Работа над "Окровавленными колосьями" постепенно приближалась к концу, через три недели мне должны были дать отпуск. Возвращаясь с радио, я заставал Лусиану за чтением или за игрой с кошкой: она сидела в кресле, которое я подарил ей ко дню рождения вместе с таким же плетеным столиком. К нашей обстановке это совсем не подходит, сказала тогда Лусиана улыбаясь, но как-то растерянно. Впрочем, если тебе нравится, мне и подавно: очень красивая и, главное, удобная мебель. Тебе будет хорошо в этом кресле, особенно если понадобится написать кому-нибудь письмо, заметил я.

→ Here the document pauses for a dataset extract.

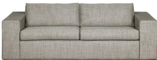
Metro 2170mm W x 960D x 670 H Generous 2.5 seater
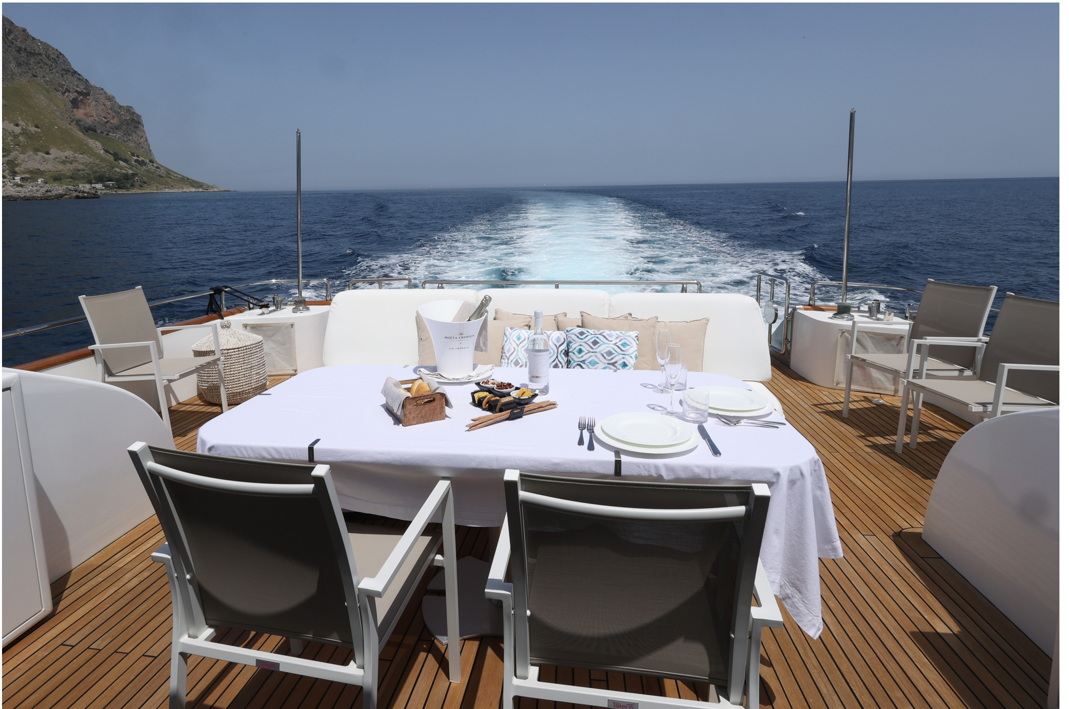
VELVET 90 "Eacos"

Да, согласно кивнула Лусиана, а то я все никак не соберусь написать тете Поли, как там она, бедняжка. Поскольку под вечер на старом месте ей стало темновато (вряд ли она догадалась, что я сменил лампочку в торшере), она в конце концов переставила столик с креслом к окну и там вязала или листала журналы. Видимо, в один из этих осенних дней или немного позже я как-то долго сидел с ней рядом, а потом крепко поцеловал и сказал, что никогда еще не любил ее так, как в эту минуту, и что именно такой мне хотелось бы видеть ее всегда. Она ничего не ответила и лишь взъерошила мне волосы. Потом ее голова склонилась ко мне на плечо, и она замерла, словно ушла куда-то. Чего еще можно было ждать от Лусианы в этот предвечерний час? Она сама была похожа на лиловые конверты, на простые и тихие слова своих писем. С этих пор я уже с большим трудом мог представить себе, что мы познакомились в кондитерской и ее непослушные черные волосы взметнулись, как хвосты плетки, когда она, поборов смущение, поздоровалась со мной. Память моей любви хранила застекленную галерею и силуэт в плетеном кресле, мало чем напоминавший рослую и жизнерадостную женщину, которая по утрам расхаживала по дому или играла с кошкой, а под вечер перевоплощалась в другую, которую я боготворил и которая внушала мне любовь к Лусиане.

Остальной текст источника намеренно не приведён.